I have the following string (japanese) " ユーザー名" , the first character is "like" whitespace but its number in unicode is 12288, so if I do " ユーザー名".trim() I get the same string (trim doesn't work). If i do trim in c++ it works ok. Does anyone know how to solve this issue in java? Is there a special trim method for unicode?
+2
A:
From the java docs, it explains why this doesn't work.
If this String object represents an empty character sequence, or the first and last characters of character sequence represented by this String object both have codes greater than '\u0020' (the space character), then a reference to this String object is returned.

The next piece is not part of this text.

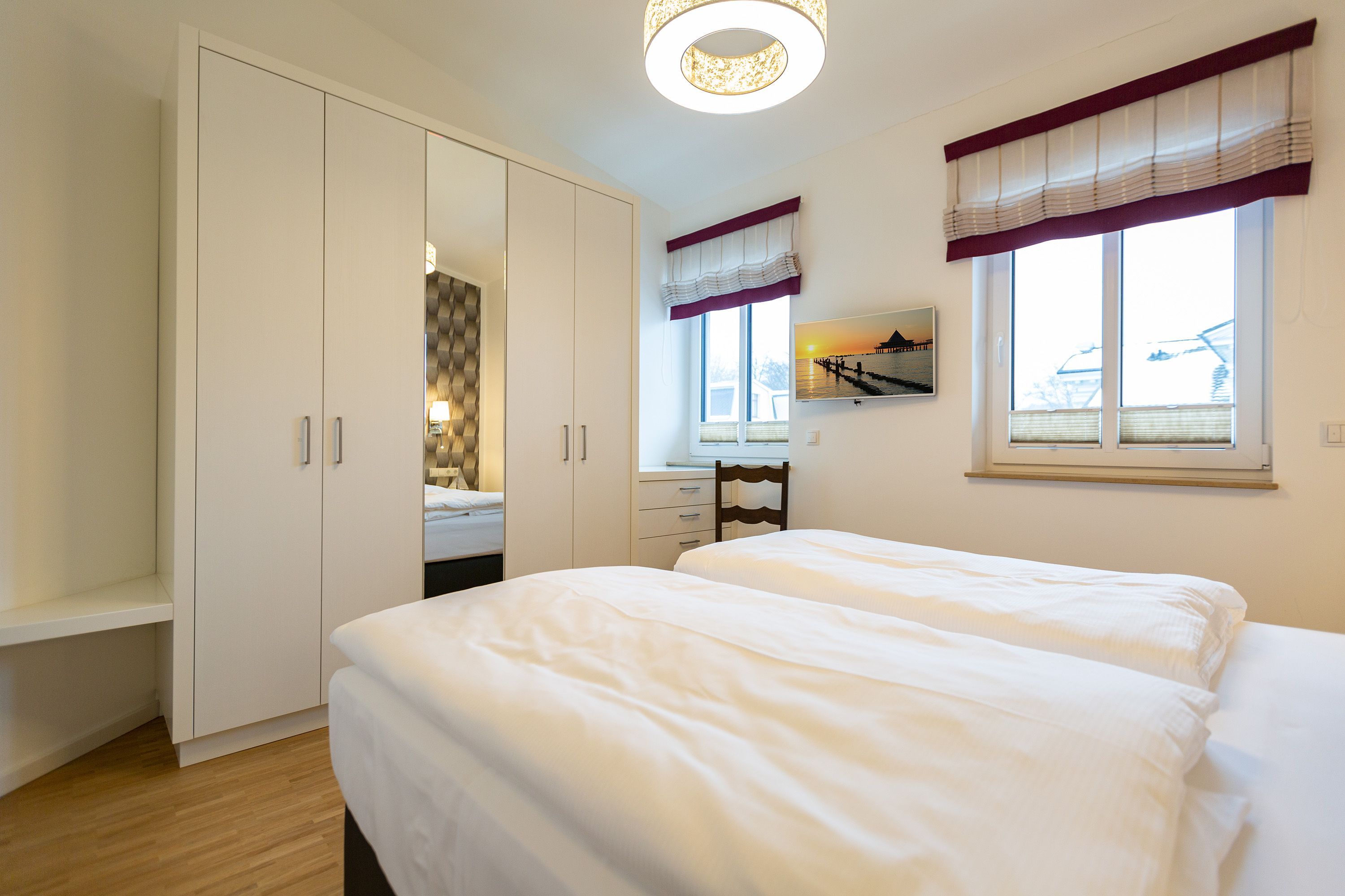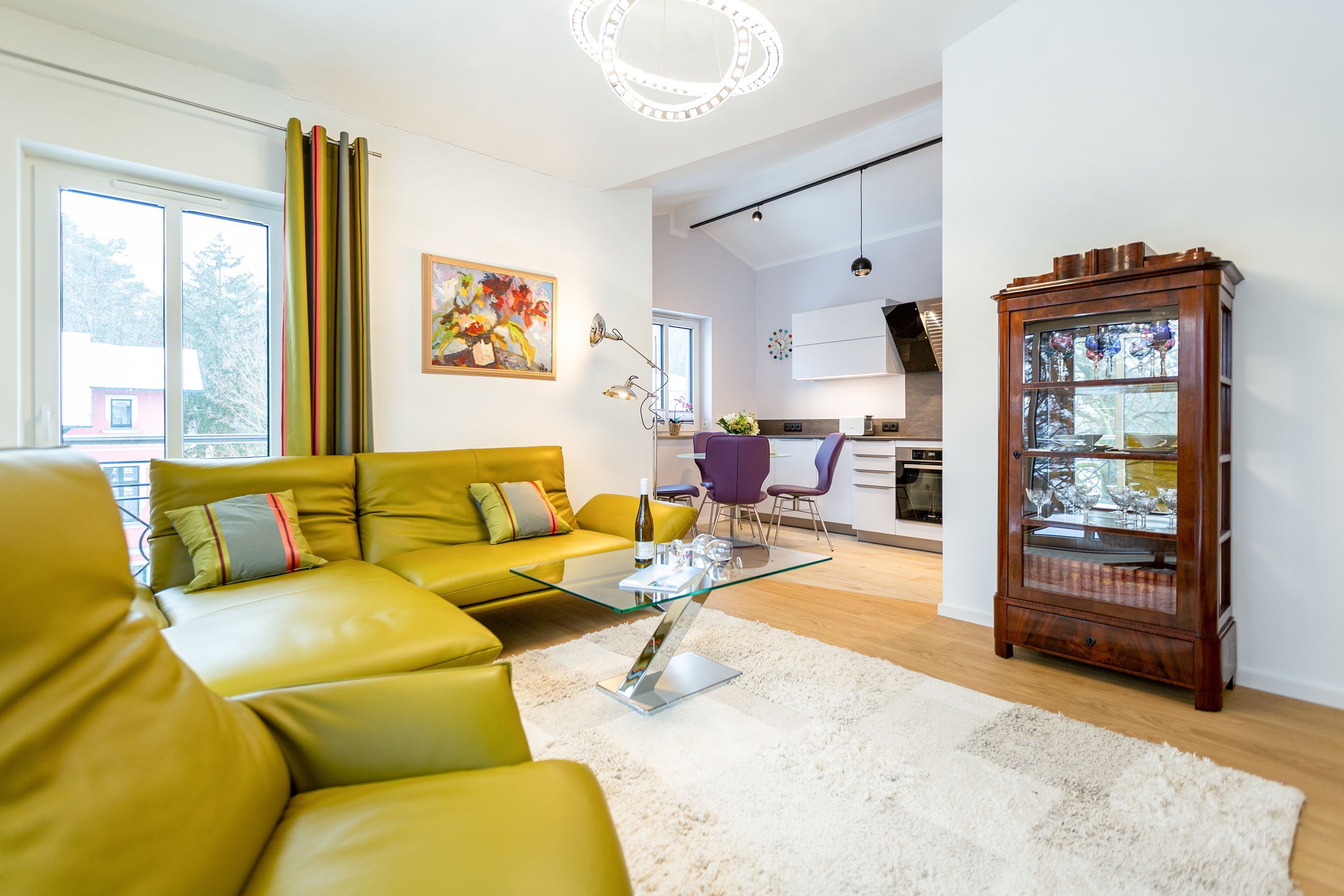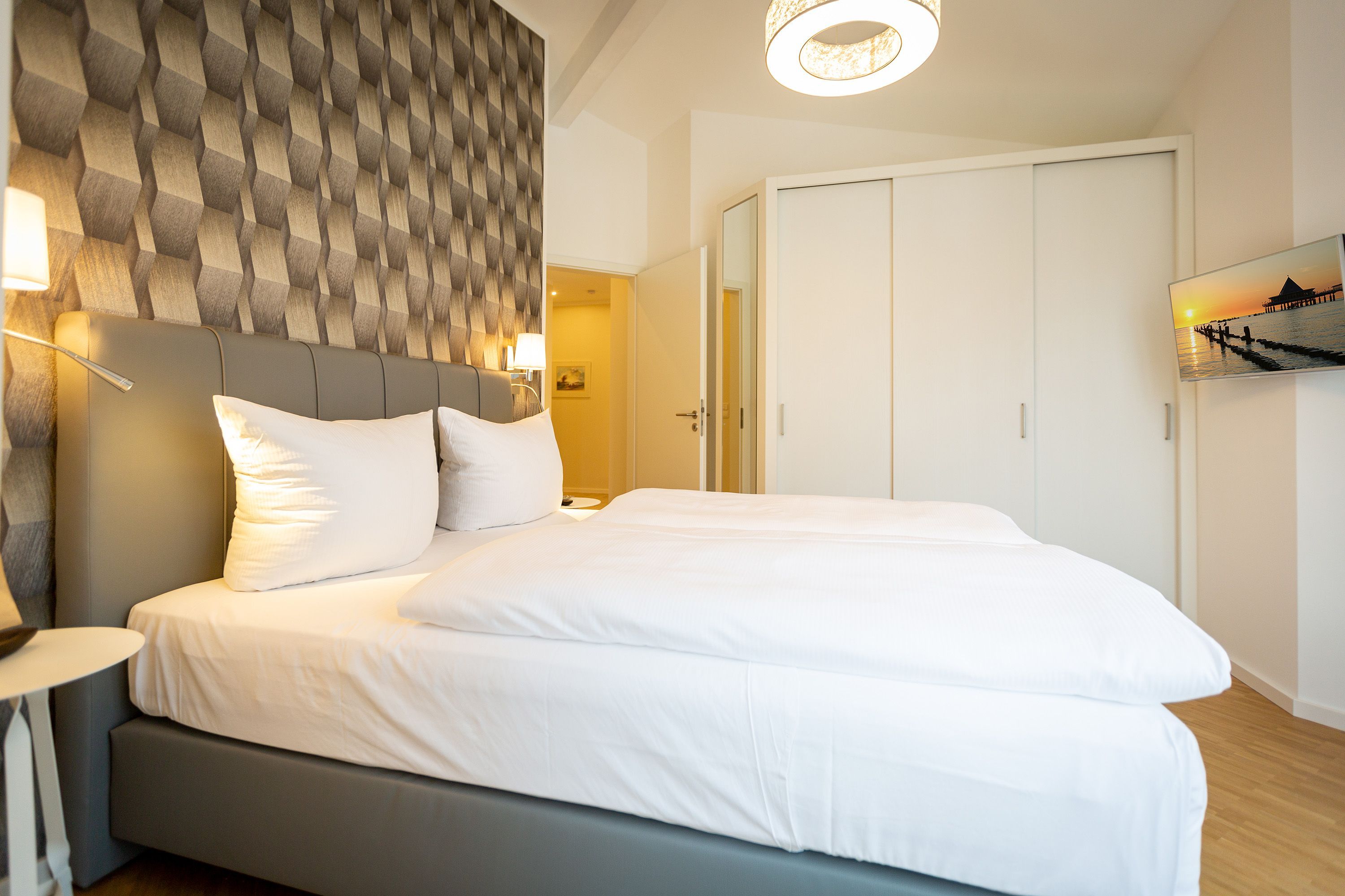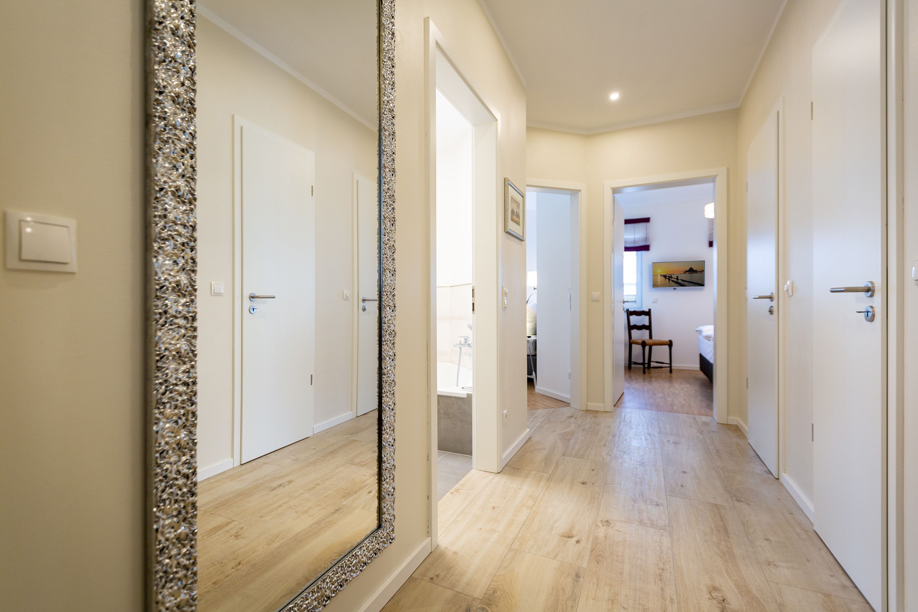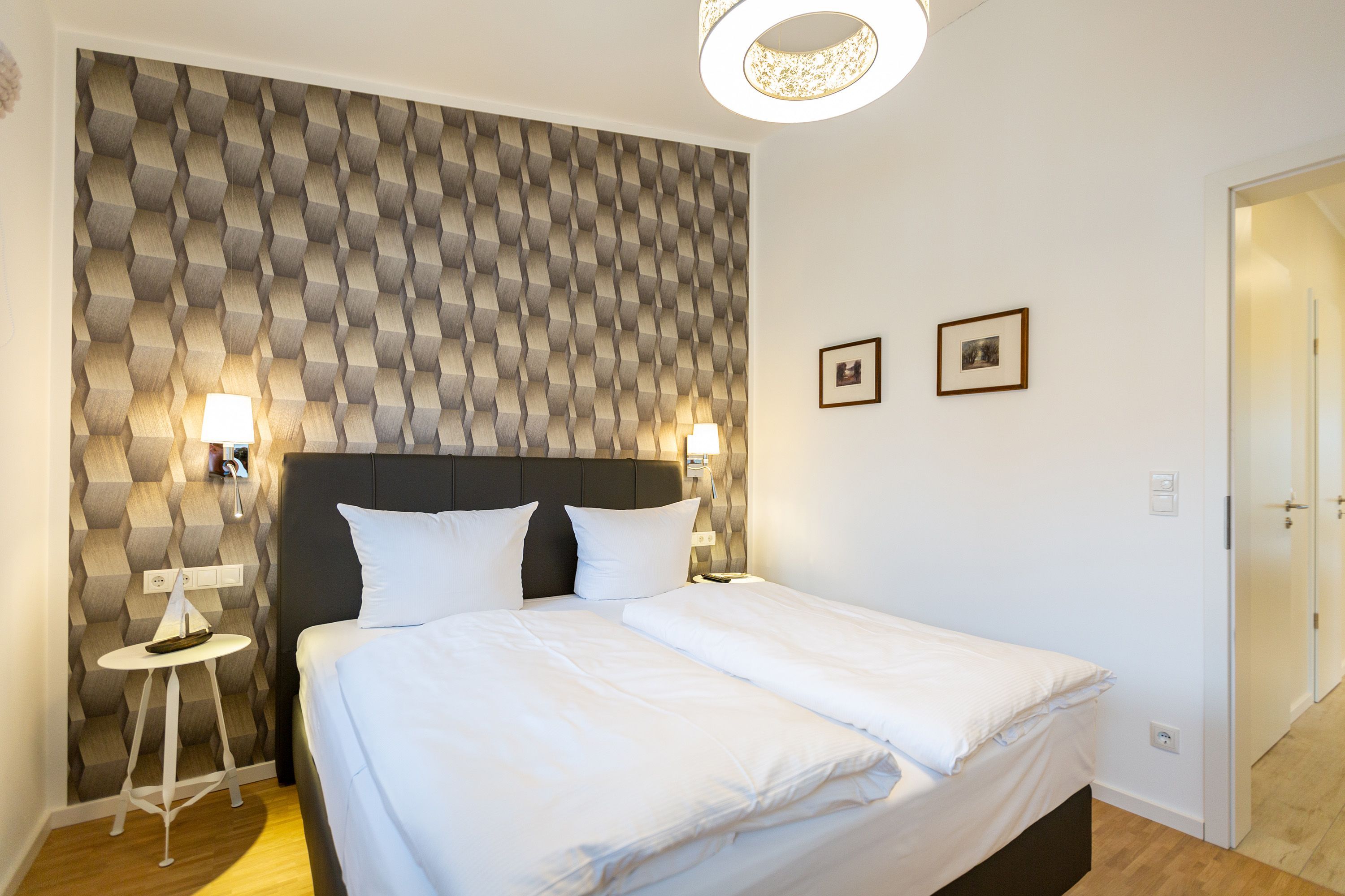 Das Appartement Nummer 8 in der 3. Etage setzt auf seinen 79 Quadratmetern gleich mehrere Akzente: Farbakzente, Lichtakzente und Designakzente. Alles zusammen sorgt dafür, dass sich die bis zu vier Personen in dem Drei-Zimmer-Urlaubsdomizil rundum wohlfühlen. Hier ist nichts 0815. Schon gar nicht die Farben. Dezent, aber dennoch präsent verleihen sie der Wohnung eine behagliche Atmosphäre: Von der lindgrünen Leder-Landschaft zum Faulenzen und Entspannen bis zum Indigo der Stühle rund um den Esstisch. Große, helle Räume sorgen für Leichtigkeit und Komfort. Treten Sie vom Wohnzimmer aus auf den sonnigen Süd-Ost-Balkon (6 Quadratmeter) und atmen Sie die gesunde Ostseeluft tief in sich ein. Ebenfalls an das geräumige Wohnzimmer angeschlossen, ist die offene Küche mit einer voll ausgestattete Küchenzeile und einem schönen Essplatz. Alle Geräte sind Markengeräte. Ein komplettes Geschirr-Service finden Sie in den Schränken. Auch die beiden Schlafzimmer empfangen den Gast mit modernem Design. Jedes verfügt über ein Boxspringdoppelbett (eines 1,80 m x 2,00 m, das zweite 1,60 m x 2,00 m) sowie einen extra angefertigten Kleiderschrank. Alle drei Zimmer des Appartements sind mit einem Flat-TV ausgestattet. In den beiden Badezimmern sind je eine Dusche und eine Toilette vorhanden. Darüber hinaus besitzt das Masterbad eine Badewanne und ein Bidet. Handtücher liegen selbstverständlich bereit und auch die Betten sind bereits bezogen. Zu dem Appartement gehört der Außenstellplatz Nummer 8 im Hof. In einem separaten und abschließbaren Kellerraum befindet sich eine Ladestation für E-Bikes. Der WLAN-Zugang ist kostenfrei. Sie brauchen also nur ankommen, mit dem Fahrstuhl in die 3. Etage fahren und schon sind Sie mitten im Urlaub.

You could role your own version easily enough. perhaps the method codePointAt could be used for this purpose.
http://java.sun.com/j2se/1.5.0/docs/api/java/lang/String.html
Paul Whelan
2009-01-26 13:47:41
+2
A:
You'll have to write your own trim() method based on Character.isWhitespace() - unfortunately, trim() does not do what its API doc claims: it strips only ASCII spaces, not any other kind of whitespace.
Michael Borgwardt
2009-01-26 13:47:48
+3
A:
Try the Apache Commons' StringUtils class. The StringUtils.strip() method should work for you.
Mike Sickler
2009-01-26 13:48:32
+4
A:
Have a look at Unicode Normalization and the Normalizer class. The class is new in Java 6, but you'll find an equivalent version in the ICU4J library if you're on an earlier JRE.
int character = 12288;
char[] ch = Character.toChars(character);
String input = new String(ch);
String normalized = Normalizer.normalize(input, Normalizer.Form.NFKC);
System.out.println("Hex value:\t" + Integer.toHexString(character));
System.out.println("Trimmed length :\t"
+ input.trim().length());
System.out.println("Normalized trimmed length:\t"
+ normalized.trim().length());
McDowell
2009-01-26 14:13:05
+3
A:
As an alternative to the StringUtils class mentioned by Mike, you can also use a Unicode-aware regular expression, using only Java's own libraries:
" ユーザー名".replaceAll("\\p{Z}", "")
Or, to really only trim, and not remove whitespace inside the string:
" ユーザ ー名 ".replaceAll("(^\\p{Z}+|\\p{Z}+$)", "")
Fabian Steeg
2009-01-26 14:25:50
this will also replace the white character in the middle of the string
pablito
2009-01-26 14:32:54
Had just fixed it.
Fabian Steeg
2009-01-26 14:33:53
second choice is good, thanks
pablito
2009-01-26 14:34:00
Be warned that regular expressions are *much* slower than the standard trim() method. If performance is a problem (or becomes one), it would probably be worth your time to write your own trim() without the regex. At the very least, use a compiled Pattern to do the replaceAll().
Michael Myers
2009-01-26 15:40:18
hmm, not generalizable to other languages. I much prefer the ICU4J method.
Phil
2009-01-26 15:53:49
Phil, I'm not sure I understand your comment, why is it not generalizable to other languages? It should work for all Unicode whitespace.
Fabian Steeg
2009-01-26 16:42:34